Seven Days in Solitary [5/8/2016]

Our Weekly Roundup of News and Views on Solitary Confinement

by | May 8, 2016

• The Guardian continued its coverage of solitary confinement, publishing an article penned by Chelsea Manning and a video featuring NYC activist Johnny Perez. Also released was investigation into the use of isolation in Florida – where one in five prisoners with mental illness is held in solitary confinement.

• A Florida man has spent the last 291 days in solitary confinement at the request of state prosecutors, according to an article published in a local outlet. Quentin Mills, who is currently locked up at the Duval County Jail, has never been in a fight or threatened to harm himself or anyone else on the inside.

• The New England Journal of Medicine published a perspective piece on solitary confinement. “The medical community can respond to President Obama’s recent action on solitary confinement by questioning the health-related consequences of isolating more than 400,000 persons in our jails and prisons each year,” write the authors.

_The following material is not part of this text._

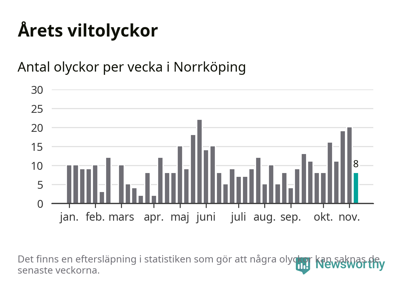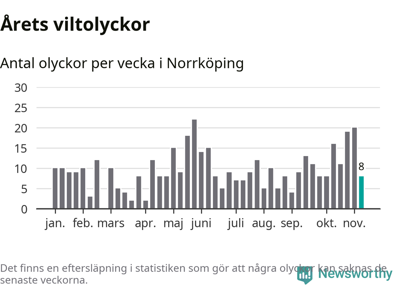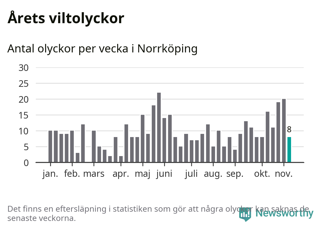 Newsworthy är en nyhetssajt som gör lokal journalistik baserat på data. Vi är datajournalister som analyserar och tolkar världen på siffror, snarare än tyckande.
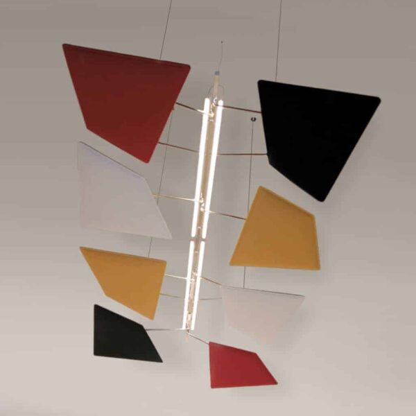 El bastidor de acero cromado del techo está equipado con brazos móviles, a los que se aplican los paneles Flap mediante articulaciones esféricas. Los bastidores son modulares y se pueden colocar conectándolos en batería. Los paneles se pueden girar e inclinar para crear configuraciones planas, cóncavas o convexas conforme a las necesidades estéticas y acústicas.

• A federal judge ruled that a lawsuit could go forward which challenges the use of solitary confinement for children locked up in Tennessee, although he did not issue an injunction immediately barring the practice. In April, District Judge Todd Campell ordered a 15-year-old boy released from isolation at the Rutherford County Juvenile Detention Center; last week a news station released a video of another child being held in solitary in the county, at the adult jail.

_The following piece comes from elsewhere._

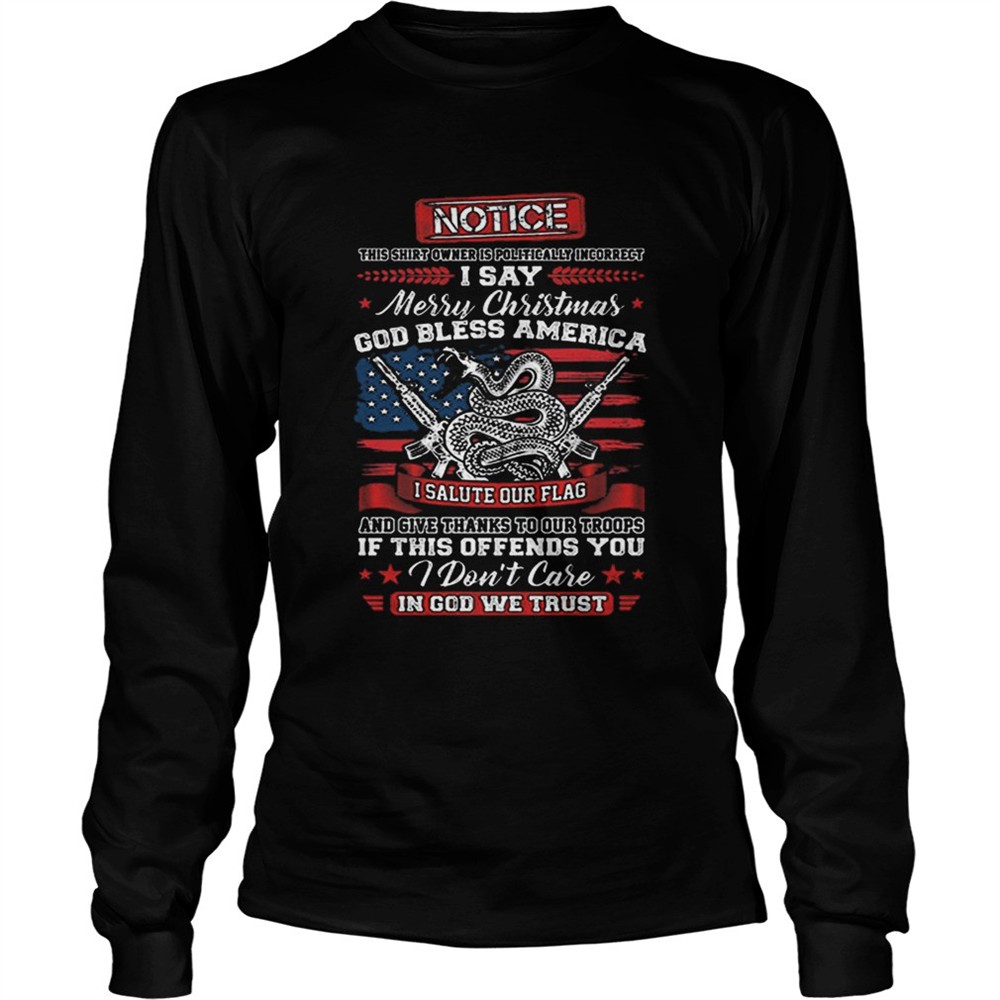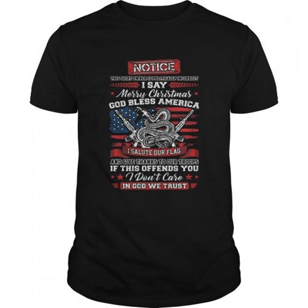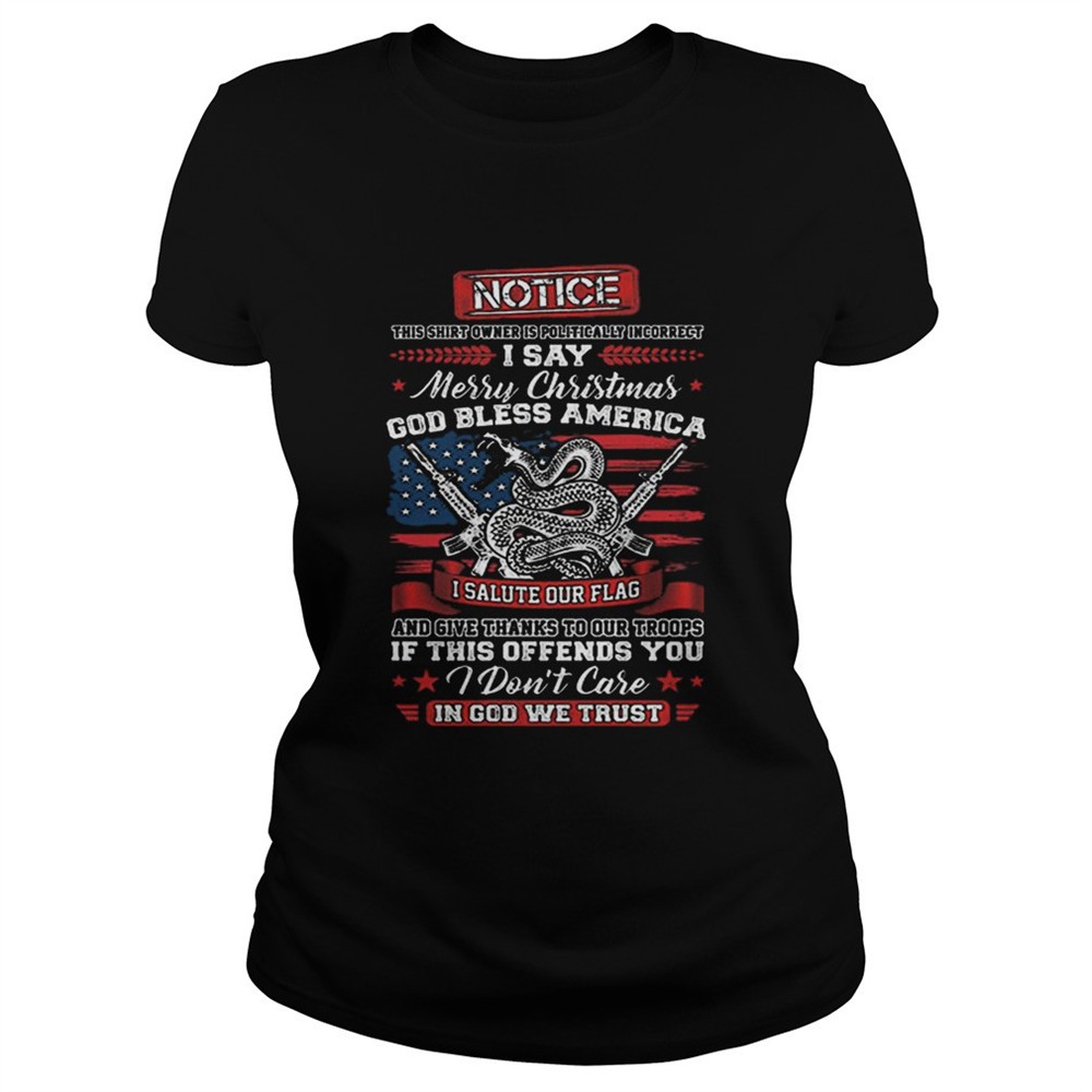 Notice i say Merry Christmas god bless America i salute our flag shirt

• The Los Angeles County Board of Supervisors voted to strictly limit to use of solitary confinement in its 16 juvenile facilities. Under the new rules, isolation will only be used “as a temporary response to behavior that poses a serious and immediate risk of physical harm to any person.”

• The director of Rhode Island’s Department of Corrections has come out in opposition of legislation – recently introduced into the state legislature – that would sharply limit the use of solitary confinement in the state’s prisons. “I don’t want to see our staff in a position where they can’t take the steps that are necessary because the limitations are enshrined in a statute,” said director A.T. Wall. Meanwhile, the Providence Journal published an editorial in support of the legislation.

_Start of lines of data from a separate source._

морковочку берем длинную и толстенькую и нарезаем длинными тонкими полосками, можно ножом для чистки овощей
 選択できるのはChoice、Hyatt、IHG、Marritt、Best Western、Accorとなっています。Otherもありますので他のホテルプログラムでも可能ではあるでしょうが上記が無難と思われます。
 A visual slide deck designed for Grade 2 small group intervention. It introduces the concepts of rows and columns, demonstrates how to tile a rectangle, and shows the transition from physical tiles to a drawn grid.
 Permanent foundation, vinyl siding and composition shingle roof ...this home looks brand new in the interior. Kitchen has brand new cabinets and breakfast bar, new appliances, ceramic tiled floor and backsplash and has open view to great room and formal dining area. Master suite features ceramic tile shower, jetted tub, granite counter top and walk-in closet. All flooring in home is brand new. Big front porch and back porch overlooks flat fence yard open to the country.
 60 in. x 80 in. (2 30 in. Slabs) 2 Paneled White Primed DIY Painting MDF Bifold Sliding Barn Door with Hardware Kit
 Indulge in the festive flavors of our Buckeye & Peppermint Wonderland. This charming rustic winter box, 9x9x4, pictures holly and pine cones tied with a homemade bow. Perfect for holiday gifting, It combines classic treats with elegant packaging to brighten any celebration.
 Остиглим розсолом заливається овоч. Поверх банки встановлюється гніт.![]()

• A federal judge has ruled that a lawsuit can proceed against the FBI, after a cooperating witness alleged that “federal agents had him arrested on a bogus murder-for-hire charge and ‘engineered’ his placement in solitary confinement for 15 months.” Joseph Barone said that his FBI handler “threatened to prosecute him for activities the FBI normally allowed as part of his cover unless he participated in a ‘high risk’ scheme to identify organized crime figures by using monitored phone calls.”